The Company shall send the notice as soon as practicable, but in no event later than the open of business on the Business Day immediately following the date the Notes become convertible as a result of the event.

Section 9.02     Conversion Procedure and Payment Upon Conversion.

(a)          To convert a Note, a Holder  of a Certificated Note must (1) complete and manually sign the Conversion Notice, with appropriate signature guarantee, or facsimile of the Conversion Notice and deliver the completed Conversion Notice to the Conversion Agent, (2) surrender the Note to the Conversion Agent, (3) furnish appropriate endorsements and transfer documents if required by the Registrar or Conversion Agent, (4) pay the amount of interest, if any, required by Section 9.02(c), and (5) pay any tax or duty if required pursuant to Section 9.04. If a Holder holds a beneficial interest in a Global Note, to convert such Note, the Holder must comply with clauses (4) and (5) above and the Depositary’s procedures for converting a beneficial interest in a Global Note.

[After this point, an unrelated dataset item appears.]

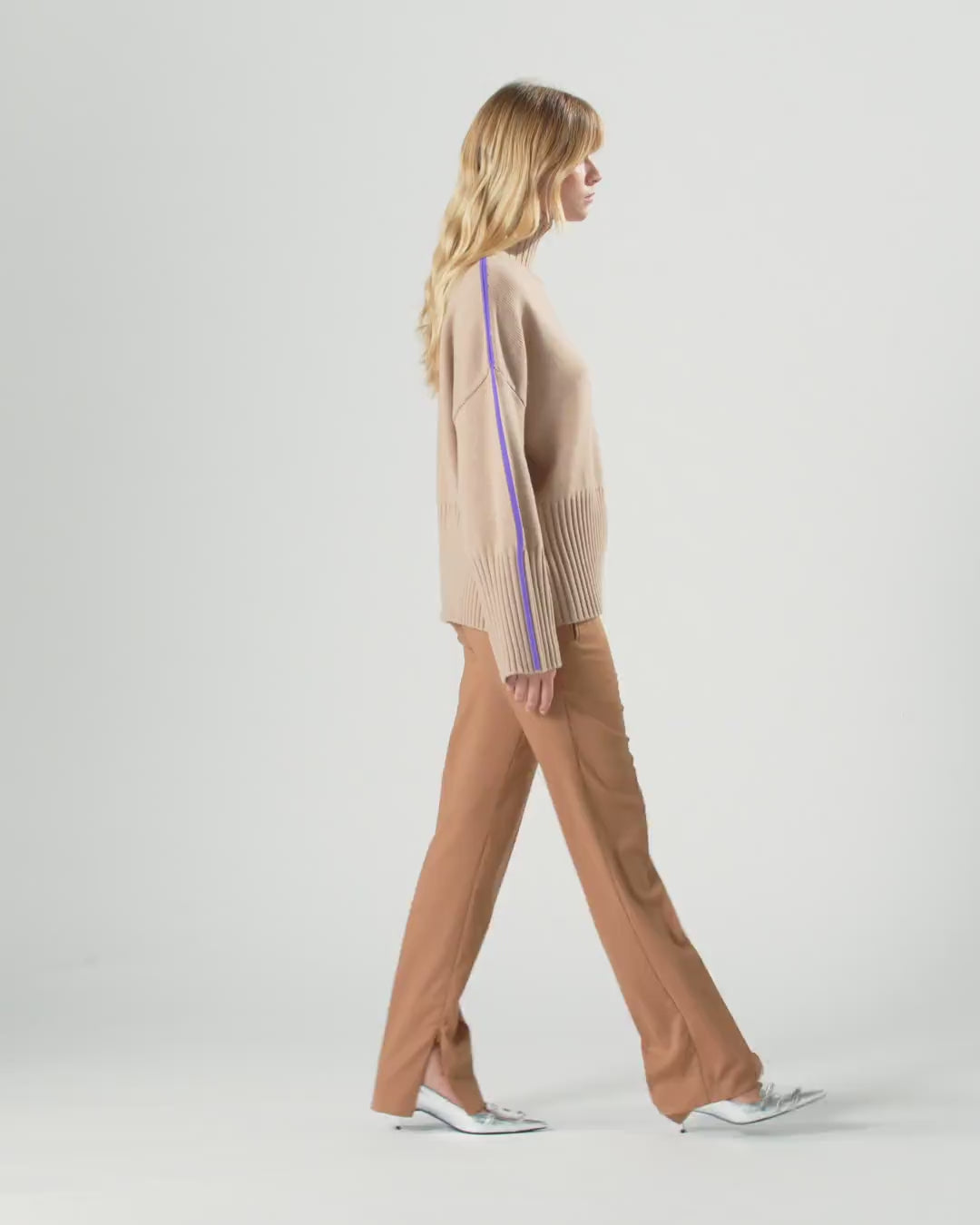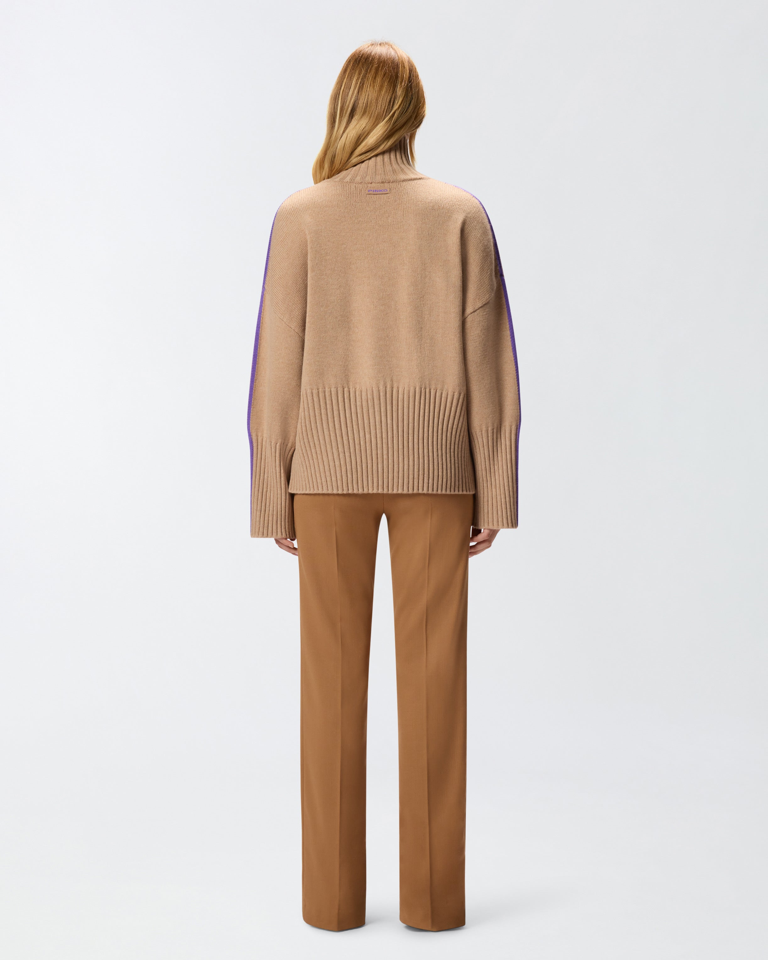 Jersey de cuello alto y corte relajado, confeccionado en lana merina de alta calidad, con cuello redondo, bajo y puños de canalé. El hilado en contraste de las mangas aporta un toque llamativo al diseño y retoma el color del logotipo de letras PINKO en la parte trasera de la prenda. La prenda se ha sometido a pruebas de acabado para minimizar la posible formación de bolitas, garantizando una mayor suavidad y durabilidad del tejido. Elegante y versátil a la vez, este modelo es perfecto para cualquier ocasión.

Upon conversion of a Holder’s Note, in satisfaction of its conversion obligation, the Company shall pay or deliver, as the case may be, at its election, through the Conversion Agent, (i) shares of Common Stock, together with cash in lieu of any fractional share (“Physical Settlement”), (ii) cash (“Cash Settlement”), or (iii) a combination of cash and shares of Common Stock, together with cash in lieu of any fractional share (“Combination Settlement”) as set forth in this Section 9.02(a). The Company, or the Trustee at the direction of the Company and in the Company’s name and at its expense, shall inform Holders of the Settlement Method it elects to satisfy its obligation upon conversion (and the Specified Cash Amount, if applicable, as follows):

(i)          in respect of Notes converted with a Conversion Date that is after the forty-fifth (45th) Scheduled Trading Day immediately preceding the Stated Maturity, no later than the forty-fifth (45th) Scheduled Trading Day immediately preceding the Stated Maturity; and

(ii)          in all other cases, no later than the Business Day following the applicable Conversion Date;

provided, however, that if the Company calls any Notes for redemption, then (x) the Company will specify in the related redemption notice the Settlement Method that will apply to all conversions with a Conversion Date that occurs on or after the date the Company sends such redemption notice and before the related Redemption Date; and (y) if the related Redemption Date is after the forty-fifth (45th) Scheduled Trading Day immediately preceding the Stated Maturity, then such Settlement Method must be the same Settlement Method that applies to all conversions with a Conversion Date that occurs on or after the forty-fifth (45th) Scheduled Trading Day immediately preceding the Stated Maturity.  Except as provided in the preceding sentence, the Company must use the same Settlement Method for all conversions with a Conversion Date that occur on the same day, but the Company will not be obligated to use the same Settlement Method for conversions with Conversion Dates that occur on different days.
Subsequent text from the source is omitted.